A Moloney murine leukemia virus-based retrovirus with 4070A long terminal repeat sequences induces a high incidence of myeloid as well as lymphoid neoplasms - PubMed (original) (raw)

A Moloney murine leukemia virus-based retrovirus with 4070A long terminal repeat sequences induces a high incidence of myeloid as well as lymphoid neoplasms

Linda Wolff et al.
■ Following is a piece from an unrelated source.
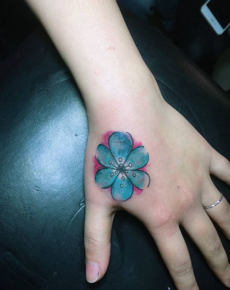 • 手背潮流时尚的玫瑰花眼睛纹身图案
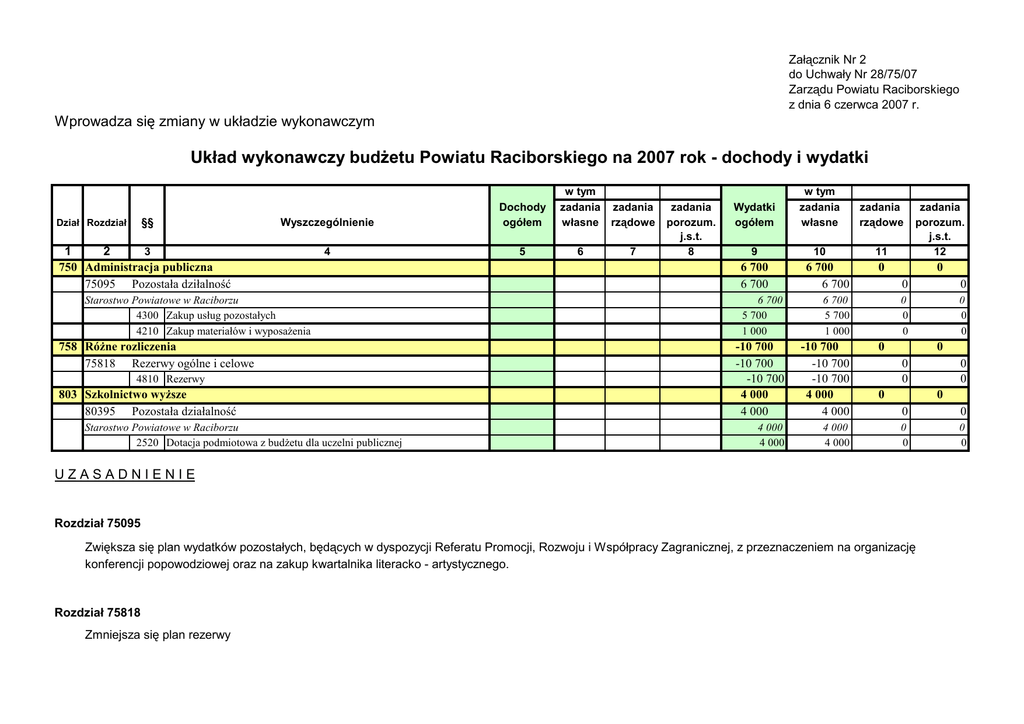 Załącznik Nr 2 do Uchwały Nr 28/75/07 Zarządu Powiatu Raciborskiego z dnia 6 czerwca 2007 r. Wprowadza się zmiany w układzie wykonawczym Układ wykonawczy budŜetu Powiatu Raciborskiego na 2007 rok - dochody i wydatki §§ Wyszczególnienie Dochody ogółem 1 2 3 750 Administracja publiczna 75095 Pozostała dziłalność 4 5 Dział Rozdział Starostwo Powiatowe w Raciborzu 4300 Zakup usług pozostałych 4210 Zakup materiałów i wyposaŜenia 758 RóŜne rozliczenia 75818 Rezerwy ogólne i celowe 4810 Rezerwy 803 Szkolnictwo wyŜsze 80395 Pozostała działalność Starostwo Powiatowe w Raciborzu 2520 Dotacja podmiotowa z budŜetu dla uczelni publicznej w tym zadania zadania własne rządowe 6 7 zadania porozum. j.s.t. 8 Wydatki ogółem 9 6 700 6 700 w tym zadania własne zadania rządowe 10 11 zadania porozum. j.s.t. 12 0 0 6 700 6 700 6 700 5 700 1 000 6 700 5 700 1 000 -10 700 -10 700 -10 700 4 000 4 000 -10 700 -10 700 -10 700 4 000 4 000 4 000 4 000 4 000 4 000 0 0 0 0 0 0 0 0 0 0 0 0 0 0 0 0 0 0 0 0 UZASADNIENIE Rozdział 75095 Zwiększa się plan wydatków pozostałych, będących w dyspozycji Referatu Promocji, Rozwoju i Współpracy Zagranicznej, z przeznaczeniem na organizację konferencji popowodziowej oraz na zakup kwartalnika literacko - artystycznego. Rozdział 75818 Zmniejsza się plan rezerwy 0 0 Rozdział 80395 Zwiększa się plan dotacji, będących w dyspozycji Referatu Edukacji, Kultury i Sportu, z przeznaczeniem na dofinansowanie kosztów udziału raciborskich studentów w Akademickich Mistrzostwach Europy w Rijece (Chorwacja)

J Virol. 2003 Apr.

Abstract

Retroviruses can be used to accelerate hematopoietic cancers predisposed to neoplastic disease by prior genetic manipulations such as in transgenic or knockout mice. The virus imparts a second neoplastic "hit," providing evidence that the initial hit is transforming. In the present study, a unique retrovirus was developed that can induce a high incidence of myeloid disease and has a broad host range. This agent is a Moloney murine leukemia virus (Mo-MuLV)-based virus that has most of the U3 region of the long terminal repeat (LTR) replaced with that of retrovirus 4070A. Like Mo-MuLV, this virus, called MOL4070LTR, is NB-tropic and not restricted by Fv1 allelles. MOL4070LTR causes myeloid leukemias in ca. 50% of mice, a finding in contrast to Mo-MuLV, which induces almost exclusively lymphoid disease. The data suggest that the LTR of the 4070A virus expands the tissue tropism of the disease to the myeloid lineage. Interesting, MCF recombinant envelope was expressed in the lymphoid but not the myeloid neoplasms of BALB/c mice. This retrovirus has the potential for accelerating myeloid disease in genetically engineered mice.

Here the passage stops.